Ramaphosa told thousands of ANC supporters on Sunday that the “era of impunity” was over.
“We will fight with every means at our disposal to ensure that those who occupy positions of authority serve only the public interest and our people, not their own pockets and themselves,”
“But the road ahead is long, and there is still much to do.”
Along with not serving in government, Ramaphosa said those found guilty of corruption and involved in state capture would not serve in the ANC either.
The ANC president however, expected that there would be
"resistance from those who have benefited from wrongdoing."
Despite this he was emphatic that they would be held accountable.
"We are restoring the rule of law," Ramaphosa said.
The ANC came under heavy criticism earlier this year when it released its list of candidates for national and provincial government to the Electoral Commission of SA.
The list included those implicated in state capture and corruption and had lied under oath such as Nomvula Mokonyane, Malusi Gigaba, Mosebenzi Zwane and Bathabile Dlamini.
This weekend marked the final big push by SA’s political parties with the biggest three – the ANC, DA and the EFF – holding their closing rallies in Gauteng.
The province, which is SA’s economic hub, is expected to be the battleground in the general elections.
Opposition parties hope to push the ANC below the majority of support in the province, in which it won just below 54% of the support in the 2014 general elections.
The ANC has however set its sights on increasing support in the province which took a huge knock under the leadership of former president Jacob Zuma who has become the face of the state capture project.

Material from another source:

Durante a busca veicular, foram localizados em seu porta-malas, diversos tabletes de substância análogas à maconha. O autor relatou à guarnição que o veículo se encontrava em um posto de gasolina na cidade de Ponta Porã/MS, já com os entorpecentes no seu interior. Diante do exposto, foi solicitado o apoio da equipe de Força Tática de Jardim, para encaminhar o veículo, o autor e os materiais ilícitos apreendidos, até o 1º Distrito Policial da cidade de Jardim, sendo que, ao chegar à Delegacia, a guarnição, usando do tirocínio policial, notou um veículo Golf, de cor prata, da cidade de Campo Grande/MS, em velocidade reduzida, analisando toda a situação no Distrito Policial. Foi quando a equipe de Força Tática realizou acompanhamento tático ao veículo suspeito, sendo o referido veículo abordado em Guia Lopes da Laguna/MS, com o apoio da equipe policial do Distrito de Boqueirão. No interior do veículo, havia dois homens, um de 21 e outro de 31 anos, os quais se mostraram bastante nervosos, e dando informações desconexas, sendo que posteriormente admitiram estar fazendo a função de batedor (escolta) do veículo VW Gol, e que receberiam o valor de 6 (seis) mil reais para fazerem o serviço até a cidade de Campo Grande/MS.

The party’s national support has consistently declined since 2009. In 2014 it won 62% of the national vote, which fell from 69.69% in 2009. Both the DA and the EFF hope to respectively grow their support. The DA wants to improve on the 22% it received in 2014, and the EFF, which is contesting its second national election, aim to grow its support from 6% to 14% in these elections.

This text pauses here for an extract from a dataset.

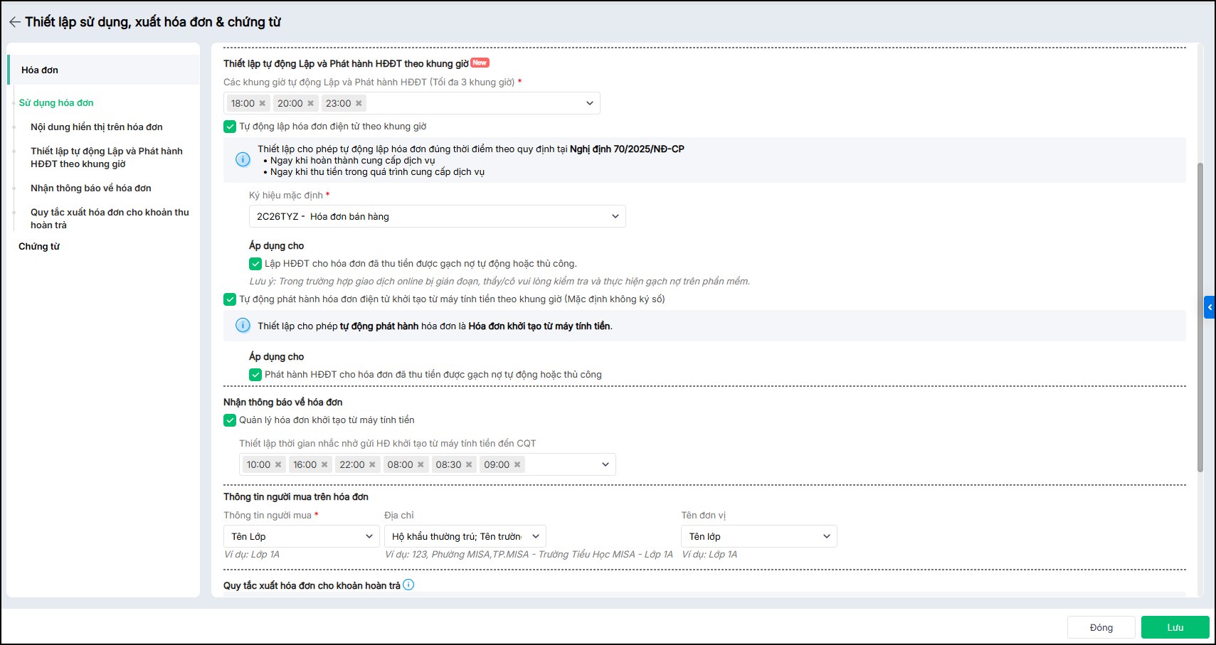 | Tự động lập hóa đơn điện tử theo khung giờ | – Nếu tích chọn => Tự động tích chọn tại các thiết lập Ký hiệu mặc định; Lập HĐĐT cho khoản thu chưa thu tiền; Lập HĐĐT cho khoản thu đã thu tiền |

DA leader Mmusi Maimane on Saturday, at the DA’s final rally, called on voters to be brave and vote for his party.
He said South Africans had good reason to be disappointed and to feel let down by “the people who were meant to deliver and protect our freedom.”
In a clear jibe to the ANC, which was SA’s liberation movement, Maimane said “one cannot help but wonder how the generation that sacrificed so much for our freedom throughout the struggle would feel about how things turned out today.”

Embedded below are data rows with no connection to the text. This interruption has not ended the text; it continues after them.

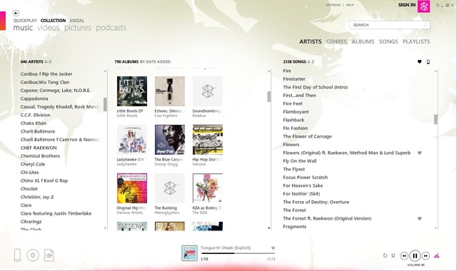 Rather than them being separate section as in WMP, you can see Artists, Albums and individual songs all at once. This section has got a very current, web 2.0 app style feel and I’m a big fan.
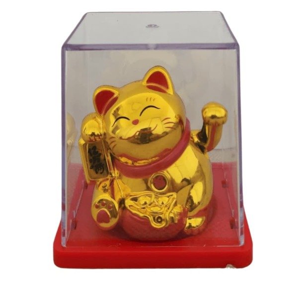 Mini Maneki Neko Solar Gato De La Fortuna Dorado
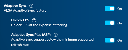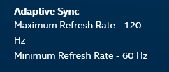 Вывод может осуществляться с глубиной цвета 10 бит на цвет, но использовать это преимущество вряд ли получится. Судя по данным на контрольной панели с настройками видеоадаптера, экран поддерживает Adaptive Sync в диапазоне от 60 до 120 Гц:

Maimane said he was angry that those who were elected to lead South Africa, ended up “looting” from it.
He hit out against Ramaphosa, whose presence has boosted the ANC on the election trail, saying that he was deputy president while the state was being looted through the state capture project.
The EFF held its final rally at Orlando Stadium in Soweto on Sunday, where its leader Julius Malema delivered the keynote address, the day after his grandmother Koko Sarah Malema, the woman who raised him died.
Malema lashed out at the ANC for turning SA into what he described as a zombie state, and claimed most of Gauteng’s townships as the EFF's support base.
He said the EFF had shaken the ANC in its traditional stronghold provinces of Gauteng, Limpopo, Eastern Cape, KwaZulu-Natal KZN, North West and Northern Cape.
“They thought we are a Mickey Mouse organisation, now they realise we are a force to be reckoned with. You can’t talk about South Africa’s future without the EFF. We are the future of South Africa,"
“Five years looks like this,” said Malema, scanning the packed stadium, “who would have imagined that today we are finishing five years.”